*** Opening of SUPPLIED ENTRIES ***
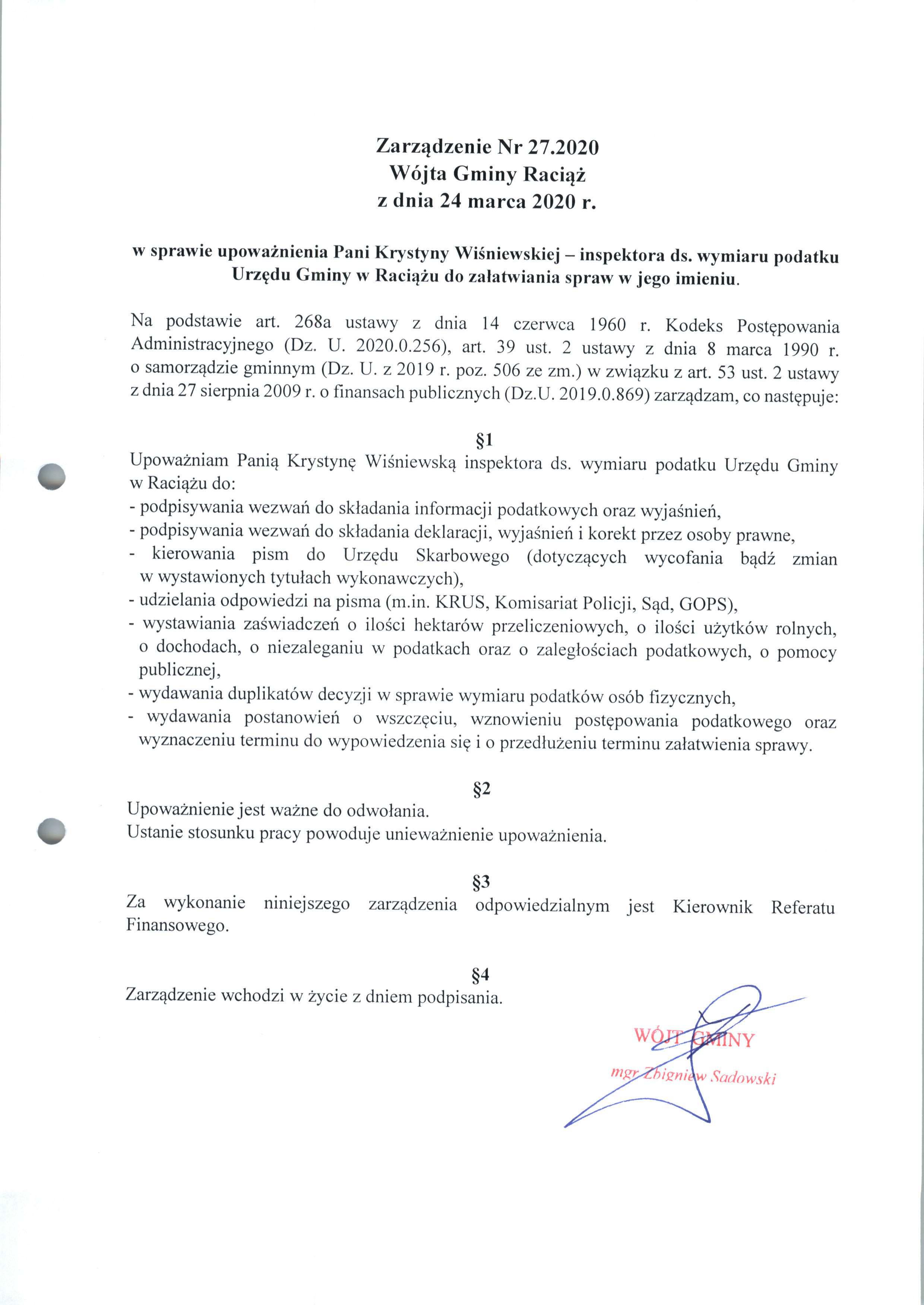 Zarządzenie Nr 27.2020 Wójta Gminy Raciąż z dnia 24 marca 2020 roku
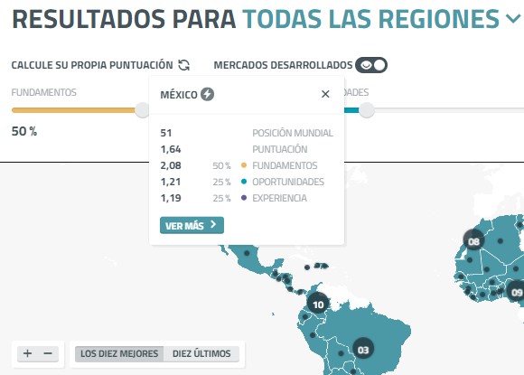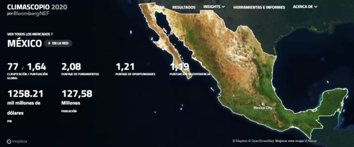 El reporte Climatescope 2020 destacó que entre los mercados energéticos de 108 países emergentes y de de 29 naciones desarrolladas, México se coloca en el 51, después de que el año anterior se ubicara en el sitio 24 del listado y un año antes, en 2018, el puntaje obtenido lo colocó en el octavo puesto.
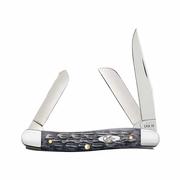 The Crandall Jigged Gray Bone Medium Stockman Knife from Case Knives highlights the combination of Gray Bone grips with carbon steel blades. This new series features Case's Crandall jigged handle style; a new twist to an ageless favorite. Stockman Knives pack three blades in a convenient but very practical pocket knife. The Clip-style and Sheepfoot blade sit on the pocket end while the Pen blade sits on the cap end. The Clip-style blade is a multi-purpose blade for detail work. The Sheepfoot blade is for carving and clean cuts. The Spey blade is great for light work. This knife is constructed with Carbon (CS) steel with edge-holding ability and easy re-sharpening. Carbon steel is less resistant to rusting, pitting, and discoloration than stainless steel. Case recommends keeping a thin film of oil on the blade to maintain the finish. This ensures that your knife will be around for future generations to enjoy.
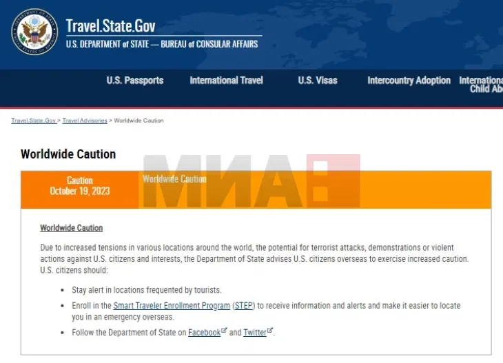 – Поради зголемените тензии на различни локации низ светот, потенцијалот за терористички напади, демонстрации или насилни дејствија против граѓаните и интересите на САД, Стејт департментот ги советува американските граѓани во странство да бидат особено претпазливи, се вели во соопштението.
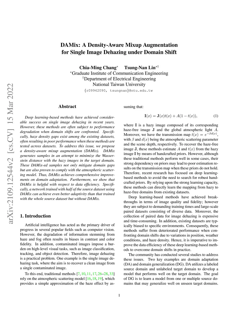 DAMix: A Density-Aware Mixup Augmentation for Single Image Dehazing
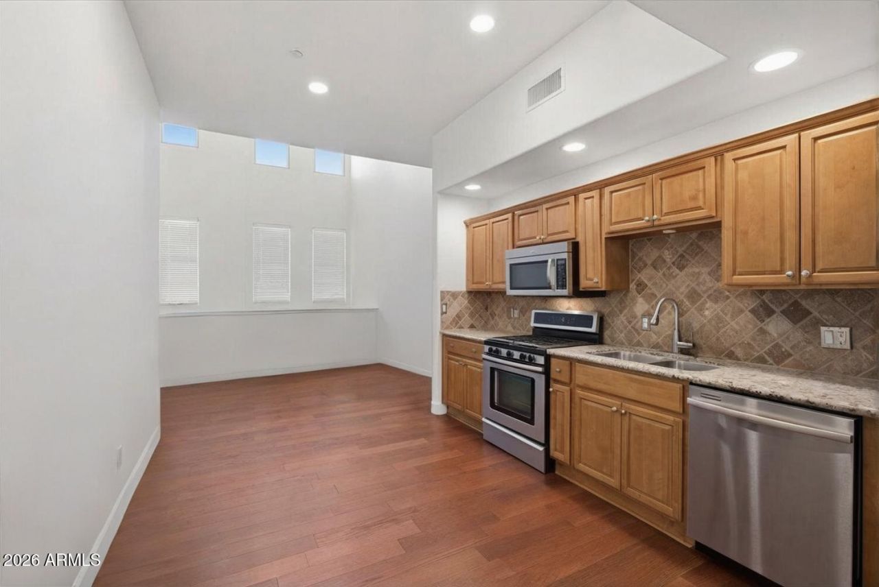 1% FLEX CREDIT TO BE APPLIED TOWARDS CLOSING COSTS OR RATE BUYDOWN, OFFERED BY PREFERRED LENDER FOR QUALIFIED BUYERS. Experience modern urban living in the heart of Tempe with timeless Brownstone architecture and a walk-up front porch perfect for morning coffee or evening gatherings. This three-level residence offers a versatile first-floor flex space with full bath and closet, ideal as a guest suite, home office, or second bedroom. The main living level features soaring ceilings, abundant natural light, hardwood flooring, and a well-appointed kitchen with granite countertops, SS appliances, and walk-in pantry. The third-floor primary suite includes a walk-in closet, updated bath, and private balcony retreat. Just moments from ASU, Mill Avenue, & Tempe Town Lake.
*** Close of SUPPLIED ENTRIES ***
● **THE PROBLEM**: Leave the pictures aside and print exactly, and only, the lines from the one with "вели во соопштението." through the end of the data, both included.

● **ANSWER TO THIS PROBLEM**:
 – Поради зголемените тензии на различни локации низ светот, потенцијалот за терористички напади, демонстрации или насилни дејствија против граѓаните и интересите на САД, Стејт департментот ги советува американските граѓани во странство да бидат особено претпазливи, се вели во соопштението.
 DAMix: A Density-Aware Mixup Augmentation for Single Image Dehazing
 1% FLEX CREDIT TO BE APPLIED TOWARDS CLOSING COSTS OR RATE BUYDOWN, OFFERED BY PREFERRED LENDER FOR QUALIFIED BUYERS. Experience modern urban living in the heart of Tempe with timeless Brownstone architecture and a walk-up front porch perfect for morning coffee or evening gatherings. This three-level residence offers a versatile first-floor flex space with full bath and closet, ideal as a guest suite, home office, or second bedroom. The main living level features soaring ceilings, abundant natural light, hardwood flooring, and a well-appointed kitchen with granite countertops, SS appliances, and walk-in pantry. The third-floor primary suite includes a walk-in closet, updated bath, and private balcony retreat. Just moments from ASU, Mill Avenue, & Tempe Town Lake.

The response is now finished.